More good news: I got interested in the performance of this MPI stuff on analytic programs. So far I had only tested ODE problems where MPI is easily giving great speedups since the numerical cost per evaluation is really heavy such that the extra communication overhead is not relevant as my previous benchmark has shown.
So I am now calculating the same problem, but instead of an ODE integrator I am using analytical expressions and I have increased the number of jobs to calculate by a factor of 10 to in total 3200. Here are the strong scaling results:
These results are much better than I expected them. We are going from 1 core 2.4h run time down to just 10 minutes on 20 cores which is a whopping 14x speedup!
However, thinking about it I figured that we can probably do better: The problem with analytical expressions is that they are so cheap to calculate and increasing the number of job chunks leads to an increased communication overhead (to and from the workers). But we can do a lot better:
We should change the design such that the there is a shared parameter 1D array theta and a 2D array eta. The theta will be distributed to all nodes and the 2D array will be chunked as usual. This way we can (depending on the problem) cut down the communication cost to the workers.

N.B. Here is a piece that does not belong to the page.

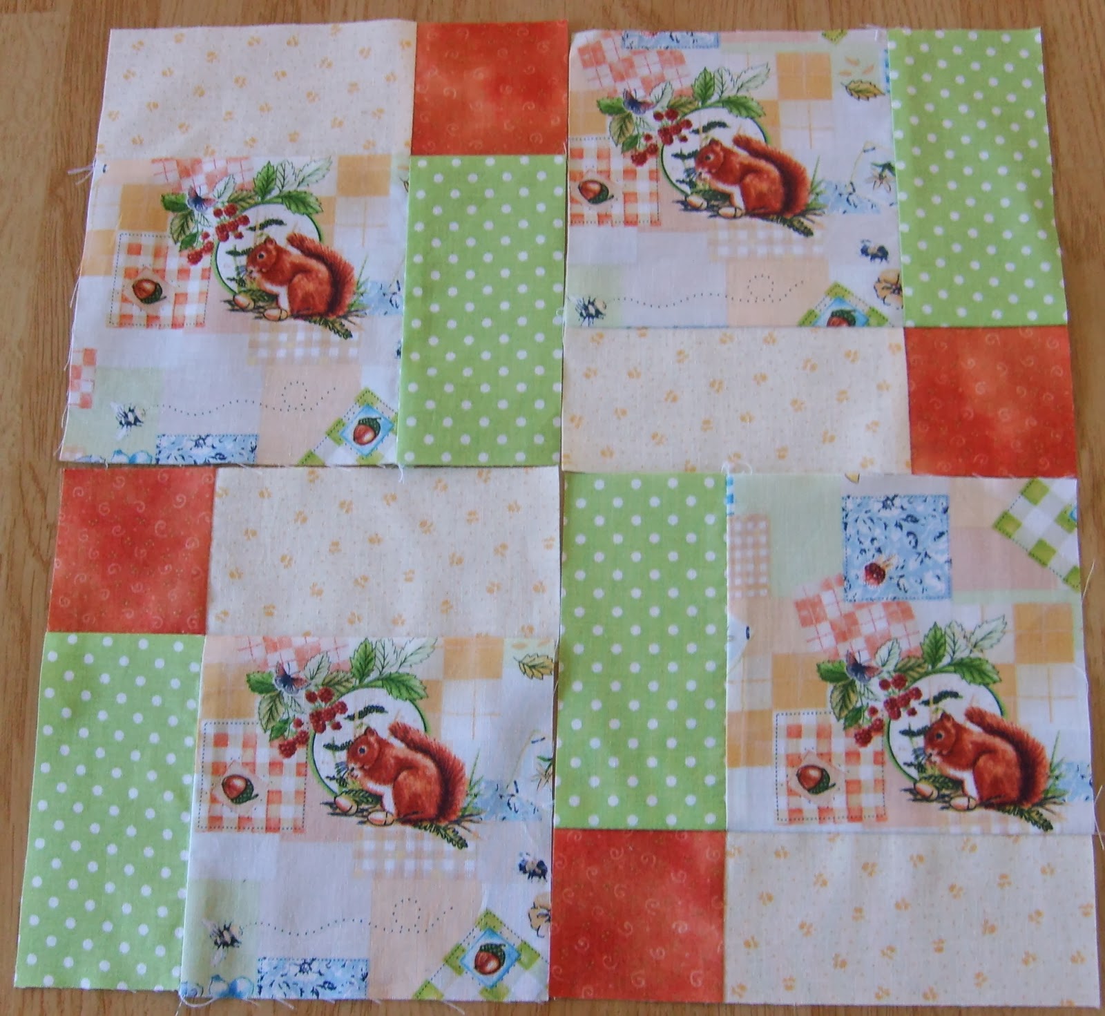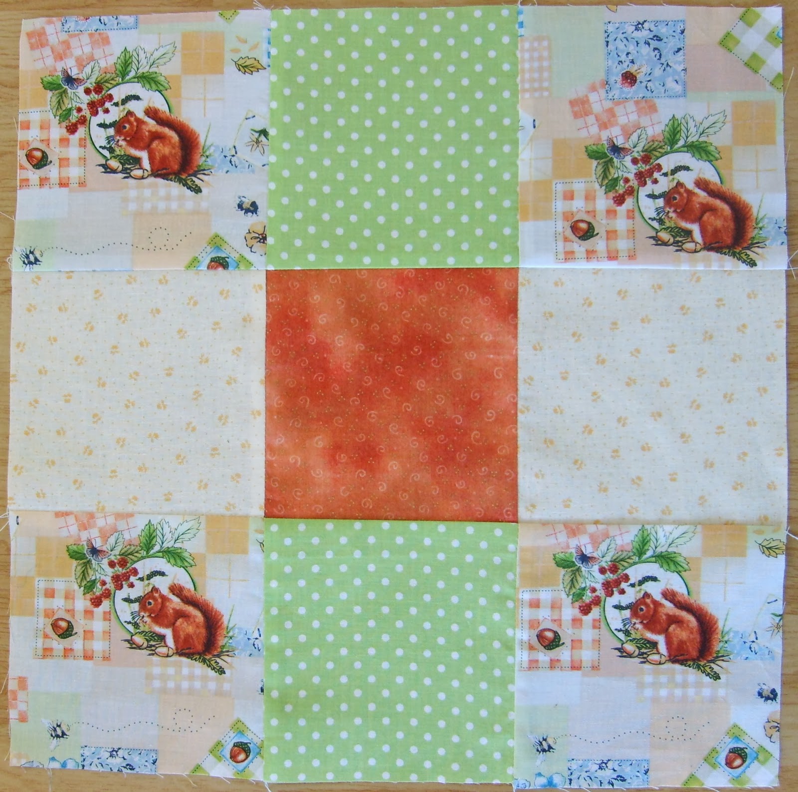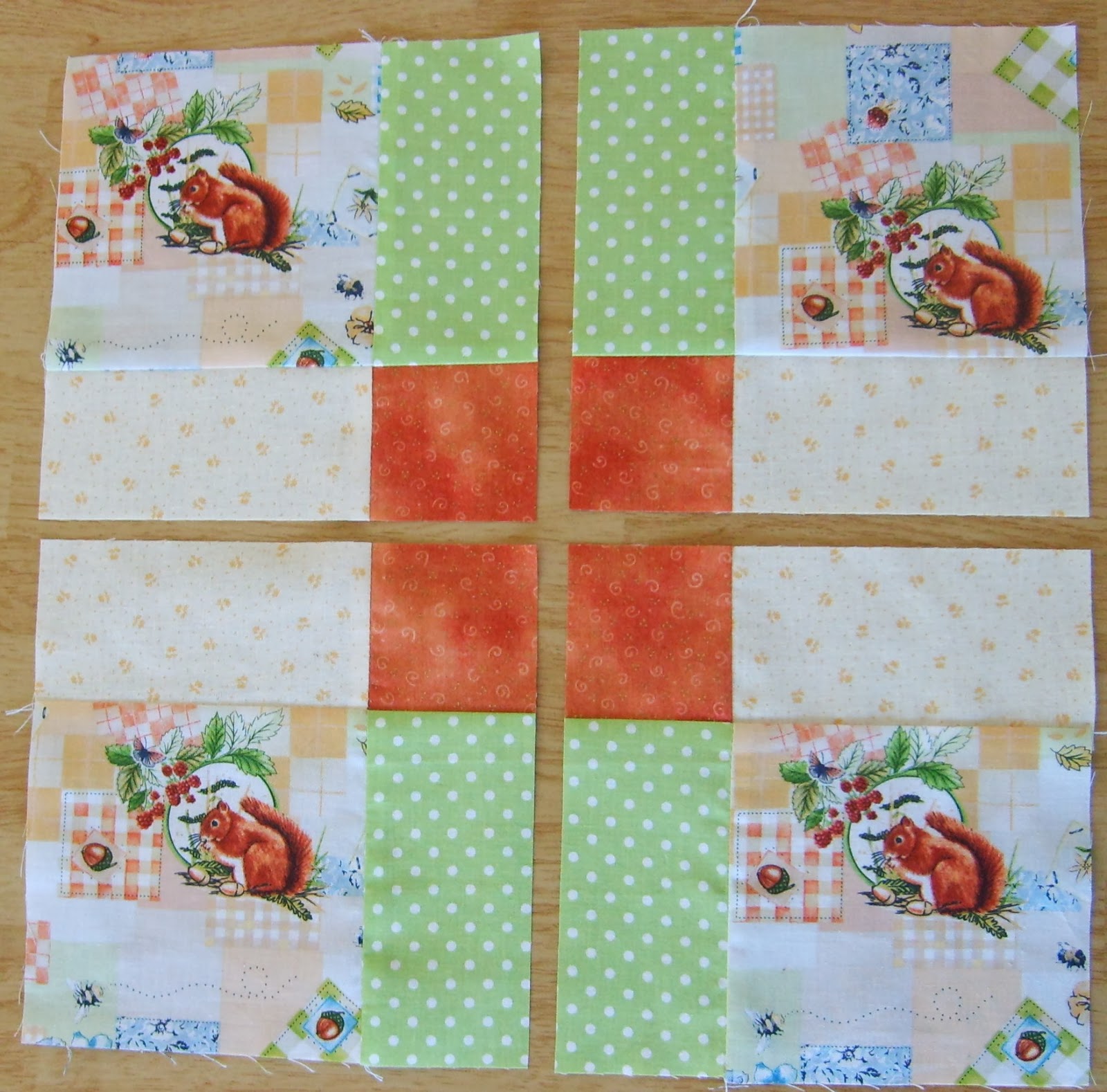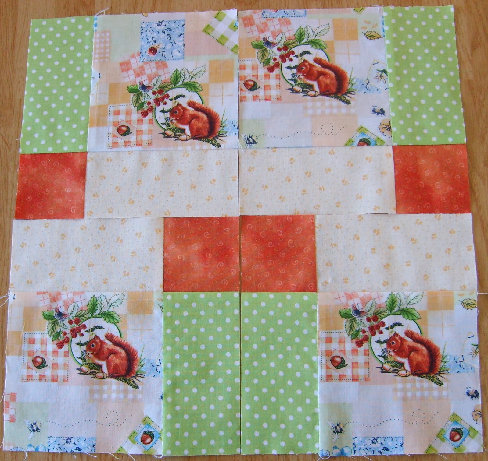 1. Для этого блока нужно брать ткани с рисунком, который можно поворачивать на все 360.

(and this is a BIG one): Currently, the function is designed to return all outputs which are generated. That’s fine and very useful, but extremely wasteful in a Stan program where we are only ever interested in the accumulated value of the log prob density and its derivatives. In short, we should introduce a
map_rect_mpi_lpdffunction which would expect that each function just returns a single value which is the accumulated log-prob for a given work chunk. This will dramatically reduce the communication from the workers backwards to the root. Now we do not need anymore to communicate all results and all partials, but we can directly on the workers run the reduction which is to sum up all terms respectively. As a nice by-product this will reduce the size of the AD stack enormously on the root node to a single entry!!!
I am currently running a benchmark where point 2 is approximately being done by just returning a single value per job chunk. The performance is much better as it looks, I will see. Now, this is quite exciting - and this is technique to run the reduction immediately will be much more beneficial for higher order auto diff. Simply because the reduction can happen directly on the local workers. I really hope I haven’t done a mistake in my thinking here… it sounds to good to be true.